He makes a humming noise. “Still. I find it a little interesting you put down that kind of earnest money on a building just around the corner from your existing restaurant on Bolling Way. Less than a quarter of a mile to be precise, and featuring a rear lot that’ll fit fifty-plus cars. I checked the zoning, and what do you know? The City of Atlanta has earmarked it for restaurant use.”
The rubber band around my chest wraps tighter. I don’t like where this line of questioning is headed.
My laugh tries for casual but misses by a mile. “All that’s true, but have you seen the place? It’s a real dump. One I no longer have the time or the funds to renovate. Looks like Lasky will be staying put.”
“How much do you think it’ll cost to fix it up? You’re a businessman, Cam. I’m assuming you’ve done the math.”

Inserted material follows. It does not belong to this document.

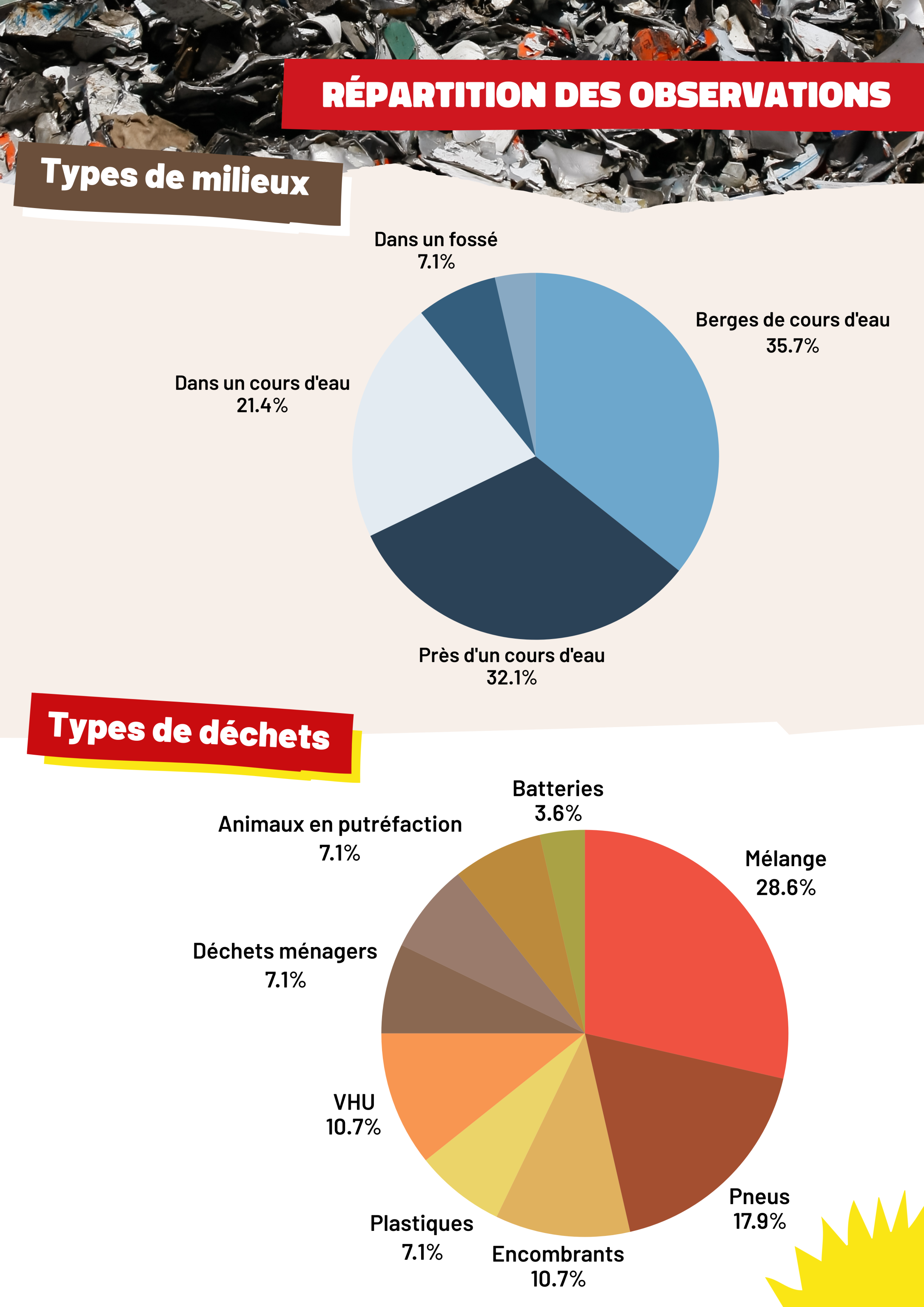 La campagne Eaux Déchets s’est déroulée du 20 juin au 20 septembre et a permis de documenter les déchets présents dans ou à proximité des cours d’eau, mais aussi de mettre en valeur les initiatives locales positives (opérations de nettoyage, gestion responsable, innovations citoyennes…), grâce aux signalements reçus.

Hell yeah I’ve done the math. Four thousand square feet of prime real estate smack in the second wave of the Buckhead development, easily accessible from both Buckhead and Midtown, and an owner who’s beyond desperate to sell. A no-brainer, assuming I could cough up the money—which I can’t. Not without another investor with deep, deep pockets.
“I don’t see what this has to do with—”
“How much, Cam?”
I fight the urge to scream. The clock on my dash ticks to 5:30, and we still haven’t gotten to the payout or talked about the possibility of him writing a check for the money I need to save my family. I white-knuckle the steering wheel, my body a sizzling bundle of reflexes and raw nerves.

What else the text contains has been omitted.